On the basis of this, the existing wiper inserts are only provided with a wiper corresponding to the tool holder on one side of the primary cutting edge. When the wiper insert is mounted on other tool holders corresponding to different major cutting edge angles, the wiper insert cannot contact with the processed surface of the workpiece, and then cannot realize the wiping effect.
As shown in
The wiper insert includes a tool body 10. The tool body 10 includes a cutting part 20. The cutting part 20 is used for cutting a workpiece. The cutting part 20 includes a plurality of wipers 21. Adjacent wipers 21 are connected by a transition surface 30. The minor cutting edge angles of the plurality of wipers 21 are set differently.

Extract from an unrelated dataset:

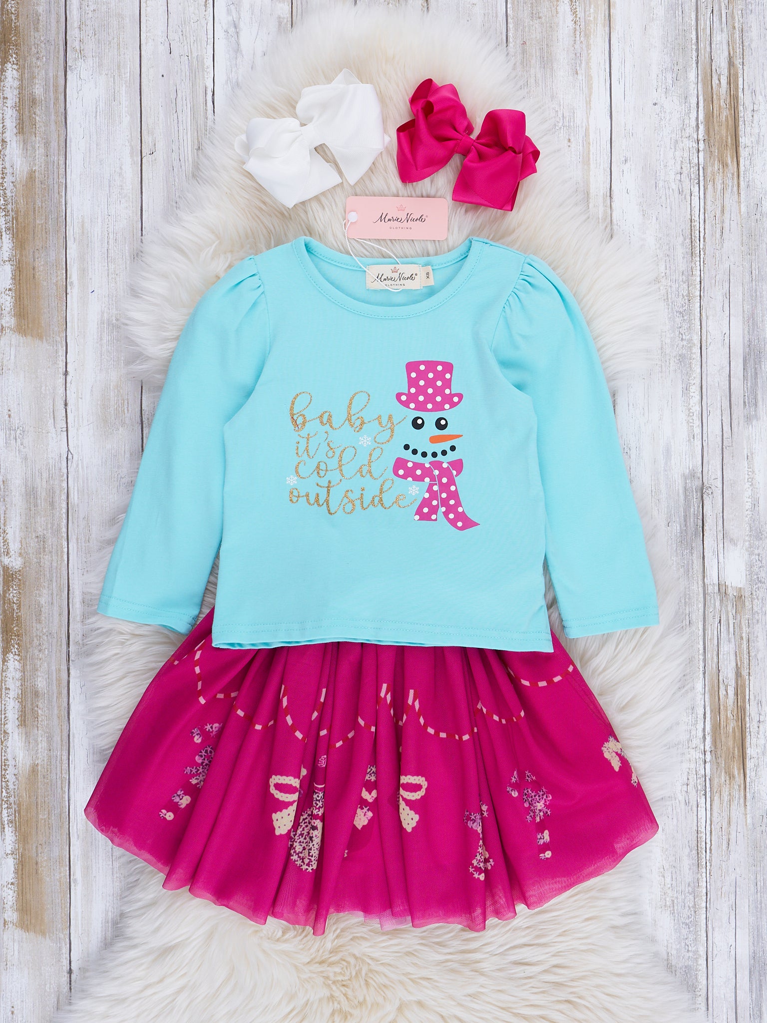 Aqua & Magenta Snowman Outfit w/ Skirt

By applying the technical solution of the present disclosure, the tool body includes a cutting part, and the cutting part 20 includes a plurality of wipers 21, the minor cutting edge angles of which are set differently. By setting a plurality of wipers 21 with different minor cutting edge angles, when the wiper insert is mounted on a variety of different tool holders or workpieces of different shapes are processed, there is a suitable wiper 21 to wipe the processed surface, and the surface roughness of the processed workpiece is thus improved. With the technical solution of the present application, the problem in the prior art that the wiper inserts lose their wiping effects when they are mounted on different tool holders. With the technical solution of the present application, a new multi-stage wiping tool is provided, which is suitable for cutting and machining with different major cutting edge angles, extends the range of application of wiper 21 insert, and reduces the cost to use of wiper insert.

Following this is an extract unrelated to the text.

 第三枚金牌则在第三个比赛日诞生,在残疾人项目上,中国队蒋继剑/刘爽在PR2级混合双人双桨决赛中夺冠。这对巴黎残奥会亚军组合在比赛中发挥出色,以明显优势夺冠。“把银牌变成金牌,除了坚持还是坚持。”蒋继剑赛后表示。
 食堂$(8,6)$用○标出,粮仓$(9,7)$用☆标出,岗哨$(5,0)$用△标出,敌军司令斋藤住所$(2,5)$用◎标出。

It should be noted that the major cutting edge angle of the tool is the angle between the cutting edge in the base surface and the feed direction, and the minor cutting edge angle is the angle between the negative cutting edge in the base surface and the opposite direction of the feed direction. The major cutting edge angle and the minor cutting edge angle of the tool have a corresponding relationship, wherein the major cutting edge angle+the minor cutting edge angle+the angle of the tip of the tool=180°. The major cutting edge angle of the tool is mainly related to the tool model, the tool holder and the processing position. Cutter holders are traditionally distinguished according to the major cutting edge angle. Wherein, when the feed direction changes, the actual major and minor cutting edge angles of the tool will also change. For example, when the 93° primary cutter holder is fed to the left, the actual major cutting edge angle is 93° and the minor cutting edge angle is 32°; and when it is fed upward, the actual major cutting edge angle will become 122°, and the minor cutting edge angle will be 3°.

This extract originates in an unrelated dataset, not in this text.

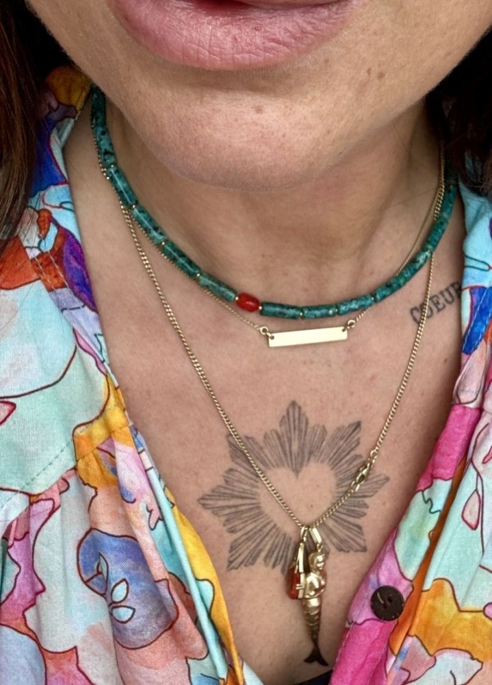 Bliss necklace van Malachiet Jaspis en Koraal

Therefore, when the tool is mounted on different tool holders or when workpieces of different shapes are processed, the phenomenon of wiper failure is very likely to occur, which affects the surface roughness of the product. How to avoid such phenomena to improve the processing accuracy of the product has become a technical problem that needs to be solved urgently in the industry. With the technical solution of the present application, the tool can realize multi-stage wiping, and there is no need to replace the tool while the effect of the wiper is ensured, which greatly saves the processing cost and improves the processing quality at the same time.
In an optional embodiment, the cutting part 20 further includes a cutting edge, and the plurality of wipers 21 are all located on the same side of the cutting edge. During processing, the cutting edge cuts the workpiece by a margin, and then the wiper 21 finishes the cut surface to improve the smoothness of the workpiece.
In an optional embodiment, the radial cross-section of the tool body 10 along the mounting hole is a parallelogram, and cutting units are disposed symmetrically at the apex corners in the upper surface that correspond to the longer diagonal of the parallelogram. Each of the cutting units includes a primary cutting edge formed by the long side of the apex angle, and a secondary cutting edge is formed by the short side of the apex angle. The wiper 21 is disposed between the primary cutting edge and the secondary cutting edge, and the minor cutting edge angle of the wiper 21 is set correspondingly to the major cutting edge angles of a variety of tool holders to be used. The wiper 21 of the turning insert refers to the edge of the insert that contacts with the processing plane, and the wiper 21 of the turning insert refers to the edge of the insert that contacts with the outer circular surface or the inner circular surface of the processing surface. The effect of the wiper 21 is similar to that of the secondary cutting edge. The cutting edge angle of the wiper is generally 0° to 3°, and the length of the wiper is about 2 times of the cutting amount. The wiper 21 can reduce the roughness of the processing surface and improve the processing quality.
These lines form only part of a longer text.